Ronny Kohavi is a Microsoft Technical Fellow and Corporate Vice President, Analysis & Experimentation. He joined Microsoft in 2005 and founded the Experimentation Platform team in 2006.
In short, Ronny is the big kahuna of experimentation and I am very happy he took time to have this discussion with me.
Running experiments is done in different disciplines. Lately there is a lot of attention about A/B tests, or online randomized controlled experiments, in social networks and in search engines result pages for example.
In some engineering disciplines, experiments are also used, where experimenters often try to create a robust process, a process affected minimally by external sources of variability. This can be done either for new product design or formulation, manufacturing process development and process improvement.
What do you see as the biggest difference between these two types of experiments? What can we learn from each other?
Let’s look at a few attributes required for experimentation and compare them for the two families of experiments, which for simplicity I’ll refer to as “lab” experiments and “randomized” experiments.
The dependent variable of interest
This is the phenomenon we are trying to understand. In physics, we may be interested in determining a constant, like the speed of light, or the relationship between factors in Ohm’s law. In online randomized experiments, the dependent variable is often driven by the business, and may be something like Sessions/user (the northstar metric for Bing, as noted in Trustworthy Online Controlled Experiments: Five Puzzling Outcomes Explained). We often refer to the dependent variable as the Overall Evaluation Criterion (OEC) to highlight that it may be a combination of multiple factors (e.g., Session/user is one factor, but revenue is another).
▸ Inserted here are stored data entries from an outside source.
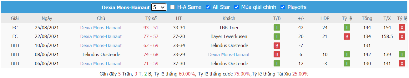 - Phong độ Belfius Mons-Hainaut
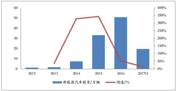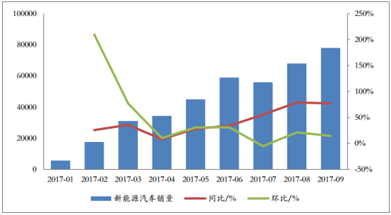 從2015年起我國新能源汽車進入快速發展期,各項產業政策和資本運作層出不窮,2016年我國新能源汽車銷量達到50.7萬輛,較2012年的1.3萬輛,增長了近40倍。2016年底,財政部、科技部、工信部和發改委聯合發布《關于調整新能源汽車推廣應用財政補貼政策的通知》,對新能源汽車不提方式進行了調整細化,并適度降低了補貼力度。2017年1月,工信部發布了《新能源汽車生產企業及產品準入管理規定》。2017年3月,財政部聯合相關部委印發了《關于開展2016年新能源汽車補貼》,再次調整了新能源汽車的推廣措施。雖然新的補貼政策造成了補貼滑坡,影響了年初的新能源汽車銷量。但隨著新能源汽車推薦目錄重新發布、地方補貼政策陸續出臺以及雙積分政策的落地,新能源汽車銷量回暖,2017年前九個月國內新能源汽車銷量累計達到39.8萬輛,同比增長37.72%。新能源汽車產業逐漸度過陣痛期,朝著健康長期的方向文件發展,繼續維持高速增長。
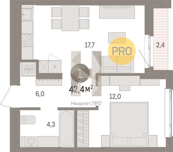 Квартира: 1 к 42,40 кв.м., 4 этаж в комплексе Квартал Траектория, 1 очередь, корп.1.1, сдача: 1кв. , этажей: 25, адрес Екатеринбург г., Билимбаевская ул., д. 1.1, Застройщик: Брусника.
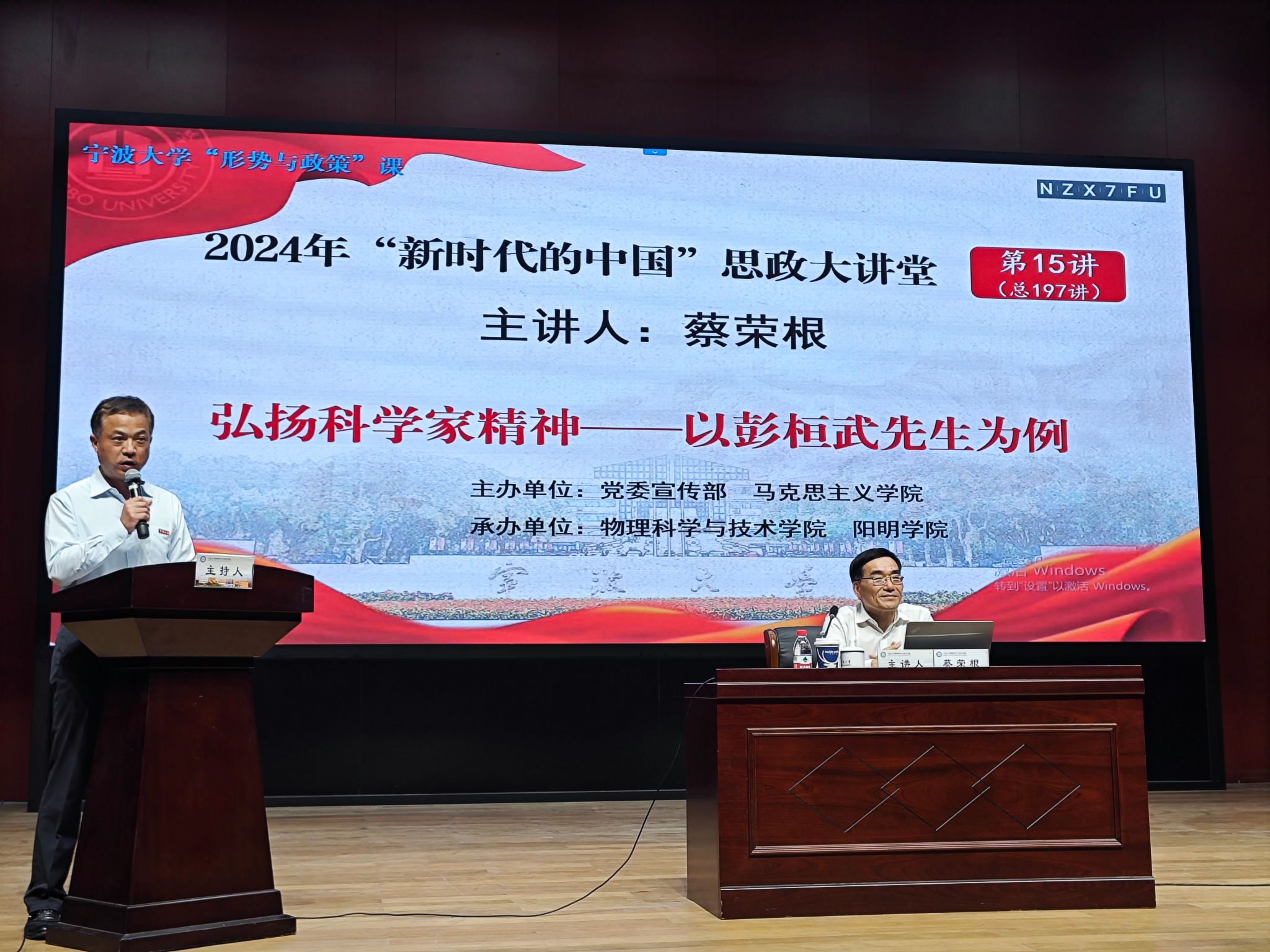 5月22日,校长蔡荣根院士在忻元甫报告厅以“弘扬科学家精神——以彭桓武先生为例”为主题,为91国产

Repeatability is critical for establishing causality in both lab and randomized experiments
In Robert Frost’s “The Road Not Taken,” he wrote:
Two roads diverged in a wood, and I —
I took the one less traveled by,
and that has made all the difference
But that statement is causal and cannot really be known. Being a single person, he can’t be sure, as pointed out by Angrist and Pischke in Mastering ‘Metrics: The Path from Cause to Effect.
Another great example comes from the Stimulus program, called the American Recovery and Reinvestment Act of 2009, after the Great Recession of 2008. The value of the Act was heavily debated, but given that it was a singular event, it is practically impossible to estimate the counterfactual, or the outcome if it were not done. As Jim Manzi pointed out in the great book Uncontrolled, the only thing we can say with high confidence given the conflicting opinions is that at least several Nobel laureates in economics would be directionally incorrect about its effects. We would not even know which of them were right or wrong, even after the fact.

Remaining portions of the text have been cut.